Mexico's Sheinbaum urges closer US coordination after Trump threatens land attacks on cartels

MEXICO CITY, Jan 9 (Reuters) - Mexico's President Claudia Sheinbaum said on Friday she has tasked her foreign minister with strengthening coordination with the United ​States, after President Donald Trump threatened land strikes on drug cartels, ‌which he said were running Mexico.

"Yesterday, I asked Foreign Minister Juan Ramon de la Fuente to make ‌direct contact with the (U.S.) Secretary of State and, if necessary, speak with President Trump to strengthen coordination," Sheinbaum said during her morning press conference.

Trump's remarks to Fox News on Thursday marked the latest in a series of escalating threats to deploy U.S. military ⁠force against drug cartels within ‌Mexican territory, a move Mexico considers a red line.

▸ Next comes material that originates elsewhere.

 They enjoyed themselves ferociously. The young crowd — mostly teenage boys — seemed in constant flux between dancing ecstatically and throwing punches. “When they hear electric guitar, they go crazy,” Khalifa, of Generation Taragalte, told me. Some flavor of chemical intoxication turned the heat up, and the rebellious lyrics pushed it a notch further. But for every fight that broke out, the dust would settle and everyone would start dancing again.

Trump's threats gained new force after U.S. forces attacked Venezuela last weekend and ‍captured its president, Nicolas Maduro.

"We've knocked out 97% of the drugs coming in by water, and we are going to start now hitting land with regard to the cartels," Trump told ​Fox News host Sean Hannity on Thursday. "The cartels are running Mexico — it's ‌very, very sad to watch and see what's happened to that country."

Sheinbaum has repeatedly warned that any unilateral military action by the U.S. in Mexico would constitute a grave violation of the nation's sovereignty. At the same time, she has doubled down on bilateral security cooperation with the U.S. to avoid Mexico being in Trump's ⁠crosshairs.

On Thursday, she touted preliminary data that showed ​homicides have fallen by 40% since she took office ​in October 2024. She has also sought to placate Washington with two mass expulsions to the U.S. of alleged high-level cartel operatives ‍and by undertaking a ⁠year-long military offensive against the Sinaloa Cartel.

Security analysts and Mexican officials say behind the scenes, Sheinbaum is likely to move even closer to Washington after ⁠the U.S. attack on Venezuela, hoping that increasingly tight bilateral security cooperation will stave off unilateral ‌U.S. military action.